Hope For One TermDeval Patrick's
newly-announced budget has accomplished one victory in his war for hope: he's managed to convince someone as cynical as me that just because you think the current situation is bad, doesn't mean it can't get worse. I figured "hope" would end up looking like the equivalent of midnight basketball, school uniforms, and maybe a few token reforms. Even in my darker moments I didn't imagine that his vision of the future would end up looking like the beer-and-cigarette-stained carpets around the dollar slots at Foxwoods.

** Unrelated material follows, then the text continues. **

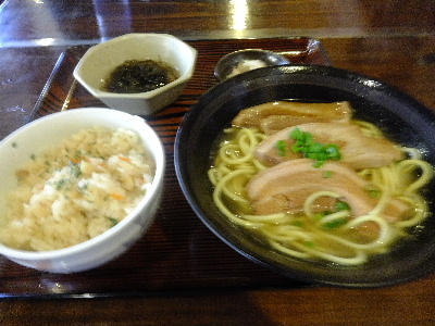 本日は石垣島でお仕事。暑いですね・・・ランチをいただいたのは「ゆらてぃく」にて。石垣牛や近海まぐろの定食もありましたが、さっぱりとおそばにしましょう。八重山そばと迷いましたが、三枚肉そばのセットで。じゅーしーと小鉢が付いております。ほんのり甘みのあるスープ。やわらかいお肉。美味しくいただきました。ビールで一杯といきたかったですが、お仕事。午後も頑張りましょう。どうもごちそうさまでした!「ゆらてぃく」沖縄県石垣市美崎町8-1 大原ホテル11:00~22:00ゆらてぃく (沖縄料理 / 石垣市)昼総合点★★★☆☆ 3.0

When the Massachusetts legislature, in which Republicans play a role only slightly less ceremonial than the Sergeant-at-Arms, starts openly wondering if your plan is based on too much flimflam and tax increases, it's time to call the men in white coats. These guys shovel money out right up to the moment they think they smell constituents approaching with torches and pitchforks. Short of racking up capital gains taxes or requiring every ice cream shop in the state to give away free cones one day a week, it's hard to think of a way to make this baloney bonanza worse.
This budget goes a long way towards proving that his disappointing first year was due to more than beginner's [bad] luck. The Globe story implies that the legislature owes Patrick some sort of deference since he's a Democrat:
But during 16 years of Republican governors, the Democratic-held Legislature got
used to controlling the process and not having to yield to the priorities of someone in their own party.
"They made no bones that a Romney budget went into a circular file," said Thomas Trimarco, who oversaw the budget under Governor Mitt Romney. "They are not used to it. They have not adjusted to this new dynamic."
Poppycock. Patrick ran against the legislature more than he ran against Muffy Healey, so what do they owe him? If anything, this is a sign to start tearing him down in preparation for a contested primary, or hounding him off to a cabinet office in Washington should the Democrats win the presidency. It's not like this is a contested state where Democrats need the Patrick's coattails to win elections. Patrick's position is more like the one Jesse Ventura found himself in as governor of Minnesota, where the GOP and
DFL were only too hapy to team up to clothesline him.
I wouldn't have given odds on this three weeks ago, but now it's a whole new world. Deval's put his cards on the table and he's showing a pair of twos. A year is a lifetime in electoral politics: just ask Hillary and John McCain, who've had the plug pulled on them more times than Terri Schiavo. Like Monty Python's Black Knight, Patrick's not dead yet, but he'd better come up with something quick if he wants to make it past 2010.